Вскоре после этого захожу к Брюсовым и застаю всю семью на кухне. Сестра и Аннушка раскладывают на столе только что полученный «паек». Огромная бутыль подсолнечного масла, мешок муки, всевозможная крупа. Сахар, чай, кофе, большой кусок мяса. Аннушка сияет и любуется по тому голодному времени невероятным богатством. «Ну, поживем за этим царем», – одобрительно говорит она. Брюсов нахмурился. «Нечего вздор молоть. Лучше разберите все это. А то всякий народ тут к вам ходит». И ушел к себе…»
В 1919 году Брюсов вступил в ряды ВКП(б). Работал с Луначарским в Наркомпроссе. Читал лекции в университете. Организовал в 1921 году Высший литературно-художественный институт (впоследствии ВЛХИ им. В. Я. Брюсова). Выступал с работами теоретическими, издал книги стихов «Последние мечты» (1920), «В такие дни» (1921), «Миг» (1922), «Дали» (1922), «Mea!» («Cпеши!», 1924). Глубоко изучил историю и литературу Армении, перевел многих ее поэтов. За эту поистине гигантскую работу Совнарком Армении присвоил Брюсову звание народного поэта Армении. Вообще роль Брюсова в русской поэзии по-настоящему еще не оценена. «Несмотря на все усердие, большевики не ценили его, – писал Ходасевич. – При случае – попрекали былой принадлежностью к „буржуазной“ литературе. Его стихи, написанные в полном соответствии с видами начальства, все-таки были не нужны, потому что не годились для прямой агитации. Дело в том, что, пишучи на заказные темы и очередные лозунги, в области формы Брюсов оставался свободным. Я думаю, что тщательное формальное исследование коммунистических стихов Брюсова показало бы в них напряженную внутреннюю работу, клонящуюся к попытке сломать старую гармонию, „обрести звуки новые“. К этой цели Брюсов шел через сознательную какофонию. Был ли он прав, удалось ли ему чего-нибудь достигнуть – вопрос другой. Но именно наличие этой работы сделало его стихи переутонченными до одеревенения, трудно усвояемыми, недоступными для примитивного понимания. Как агитационный материал они не годятся – и потому Брюсов-служака оказался по существу ненужным. Оставался Брюсов-служака, которого и гоняли с „поста“ на „пост“, порой доходя до вольного или невольного издевательства. Так, например, в 1921 году Брюсов совмещал какое-то высокое назначение по Наркомпросу с не менее важной должностью в Гуконе, т. е…в Главном управлении по коннозаводству!»

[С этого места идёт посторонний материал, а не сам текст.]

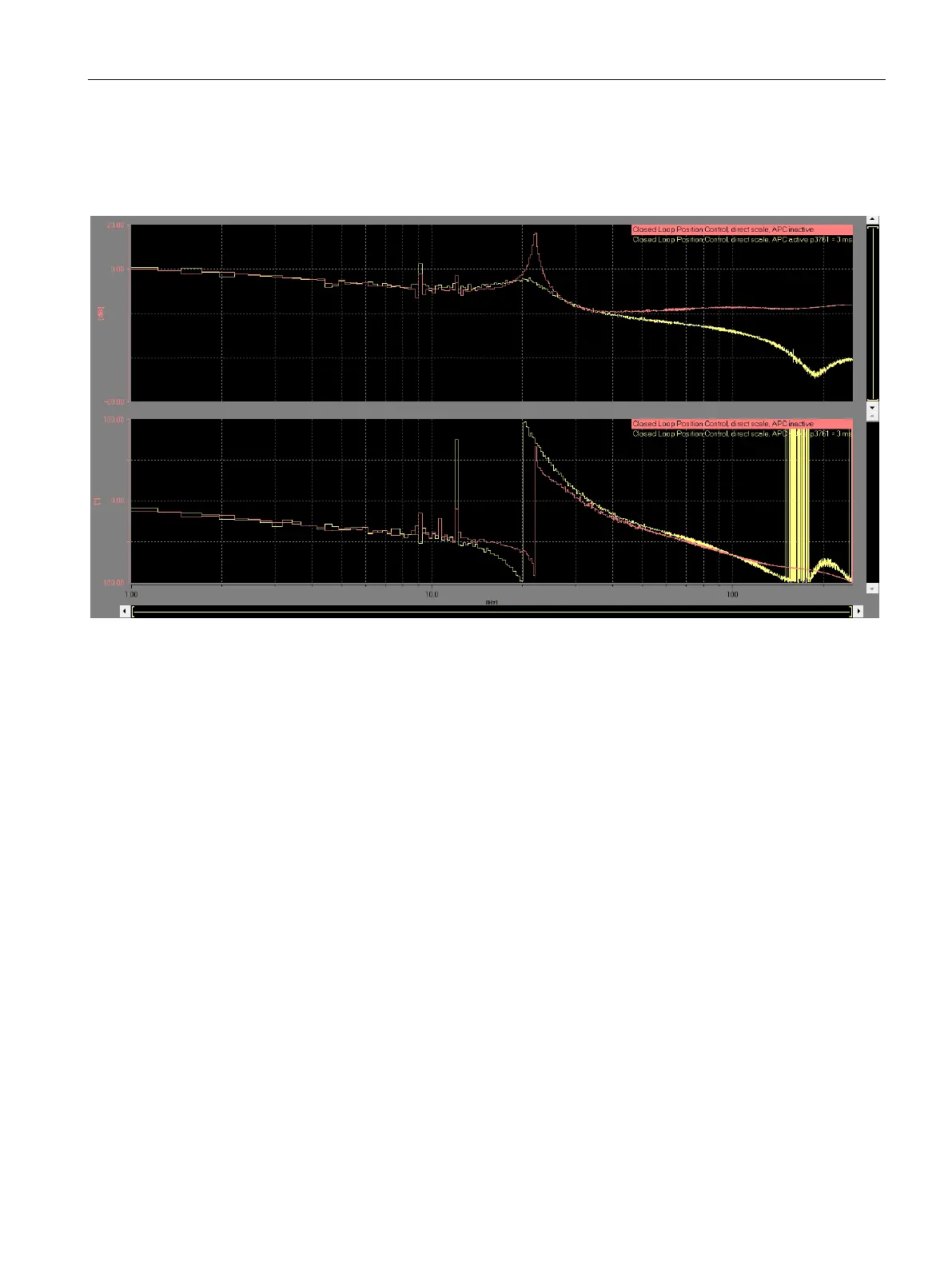 Yellow:  APC active, p3761 = 3 ms: The oscillation is dampened. The position control gain can be kept - or even in-

В декабре 1923 года юбилей поэта был отмечен официально, но без пышности. Хлопоты об ордене Красного Знамени окончились ничем, поэт получил лишь грамоту ВЦИК да Литературному институту присвоили его имя.
Умер 9 октября 1924 года в Москве.
Очень жестко на смерть Брюсова отозвался в «Русской газете» (Париж) поэт Саша Черный: «О грехопадении Брюсова писали за последнее время немало. В самом деле странно: индивидуалист, изысканный эстет, парнасский сноб, так умело имитировавший поэта, парящего над чернью, и вдруг такая бесславная карьера, достойная расторопного Ивана Василевского или какого-нибудь Оль Д’Ора. Красный цензор, вырывающий у своих собратьев последний кусок хлеба, вбивающий осиновый кол в книги, не заслужившие в его глазах штемпеля советской благонадежности. Это была, увы, не тютчевская цензура, не „почетный“ караул у дверей литературы, а караул подлинно арестантский, тяжкое и низкое ремесло угнетателя духа. Свой бил своих. Приблизительно такое же дикое и незабываемое зрелище, как еврей, организующий еврейские погромы».
Федор Кузьмич Сологуб
Федор Кузьмич Тетерников (Сологуб – литературный псевдоним) родился 17 (1. III) февраля 1863 года в Петербурге.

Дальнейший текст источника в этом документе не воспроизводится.